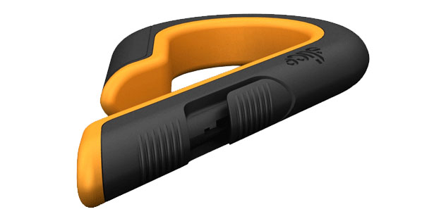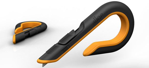I've seen a slidey thing like that on a vacuum cleaner handle... what about a letter opener, you slide it "open" and a blade comes out magically
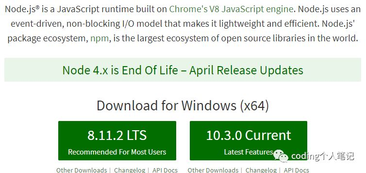 百度nodejs,官网第一条进去 nodejs.org/en/
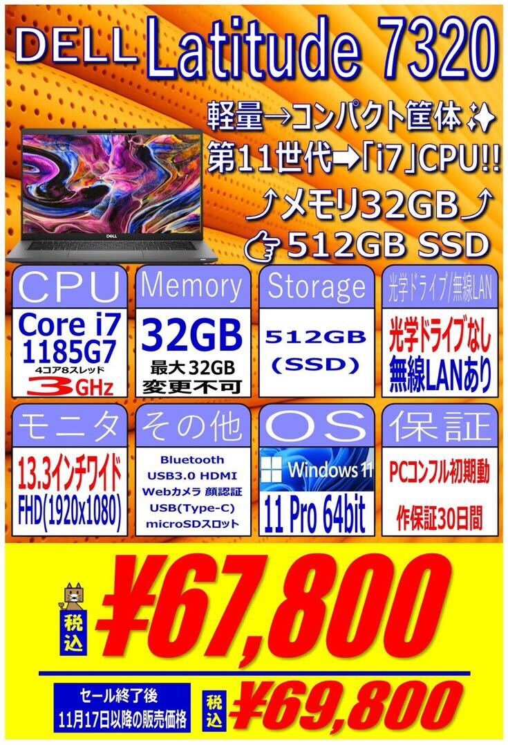 第11世代 Corei7搭載、32GB / 512GB SSD、13.3インチワイドFHD、Windows 11 proという構成で67,800円です。
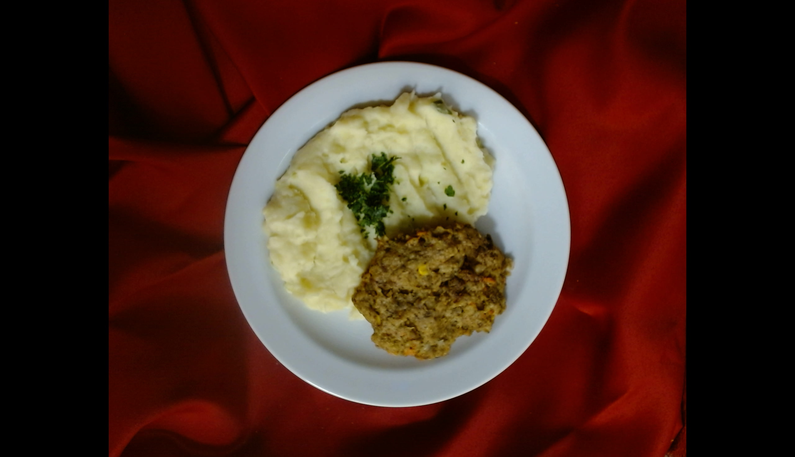 Pečený karbanátek se zeleninou, šťouchaný brambor

Exercise details ▸ Return every line shown above without changing a word, and skip the pictures.

Expected answer ▸
I've seen a slidey thing like that on a vacuum cleaner handle... what about a letter opener, you slide it "open" and a blade comes out magically
 百度nodejs,官网第一条进去 nodejs.org/en/
 第11世代 Corei7搭載、32GB / 512GB SSD、13.3インチワイドFHD、Windows 11 proという構成で67,800円です。
 Pečený karbanátek se zeleninou, šťouchaný brambor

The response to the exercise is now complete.